Il 2017 è stato un anno record per la Bei [2] in Italia che risulta così il primo Paese d’Europa per la quantità dei finanziamenti ricevuti: 12,3 miliardi, per la precisione, e cioè il 10 per cento in più del dato 2016 che pure non era stato male. Un dato che vale lo 0,7 per cento del Pil e che ha certamente contribuito a determinare il buon andamento dell’economia come hanno fatto notare il vice presidente Dario Scannapieco e il ministro dell’Economia Piercarlo Padoan all’atto della presentazione dei risultati.
Le operazioni concluse, tra grandi e piccole, sono state 119 divise tra prestiti della Banca Europea per 10,8 miliardi e interventi del Fondo Europeo (Fei) nel capitale e a garanzia per 1,5 miliardi. Il valore complessivo degli investimenti attivati ha raggiunto i 41,9 miliardi che equivalgono al 2,4 per cento del Prodotto interno lordo. In pratica, il peso di una discreta manovra finanziaria.
A fine anno la Bei impiegava in Italia 67,22 miliardi a fronte di rapporti con 39.700 imprese e 542mila occupati. Questo per dire che il fenomeno è da tempo uscito dal limbo delle relazioni ristrette per diventare molto diffuso e capillare.
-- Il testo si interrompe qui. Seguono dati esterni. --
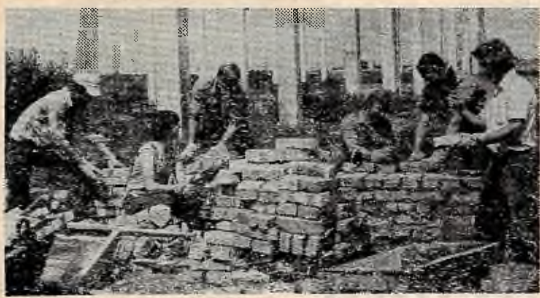
Цього літа на славу попрацювали будзагонівці УСГА. На знімку: на будівництві агрохімічного комплексу учоспу «Великосітнінський» студенти II курсу агрофаку.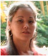
Por: Leticia Torres Cubana de a pie

Nell’ultimo decennio il gruppo ha sostenuto investimenti nel Paese per oltre 270 miliardi, ha finanziato 210mila imprese e sostenuto 6 milioni di posti di lavoro nei settori più diversi.
Il raggio d’azione si è inoltre molto ampliato e accanto alle classiche operazioni attraverso il sistema bancario crescono le attività con la pubblica amministrazione, nelle infrastrutture e nell’ambiente, in ricerca e sviluppo, nel campo del sociale. La Bei, inoltre, è stata e continua a essere un grande promotore del piano Junker per le grandi opere cui anche è affidato il risveglio dell’Unione dopo la batosta della crisi. E se qualche segnale di ripresa arriva, sarà anche per l’avvio di numerosi progetti.
Neanche una settimana fa è stato presentato a Milano l’Elite basket bond rivolto a dieci imprese selezionate da Borsa Italiana per un esperimento di emissione obbligazionaria condivisa e garantita che la Bei ha sottoscritto al 50 per cento in pratica rendendo possibile avviare l’iniziativa.
Anche in questo caso l’intento è favorire la nascita di buona finanza per lo sviluppo dell’economia reale.
Insomma, benché basata in Lussemburgo e in apparenza lontana, la Banca europea degli investimenti è da tempo diventata un attore centrale della politica industriale nazionale e rappresenta un punto di riferimento a vantaggio di pezzi della funzione pubblica, ministeri e Regioni, per la gestione congiunta di attività che altrimenti non saprebbero come realizzarsi.
Per svolgere questa funzione a tutto campo la Bei ha dovuto naturalmente ampliare di molto la sua operatività senza perdere la reputazione e il rating che le assicurano un facile e favorevole approvvigionamento di valuta. Soprattutto, considerevole è stato l’avvicinamento alle piccole imprese dinamiche che adesso sanno che per reggere l’urto del mercato devono imparare a diventare medie e poi grandi.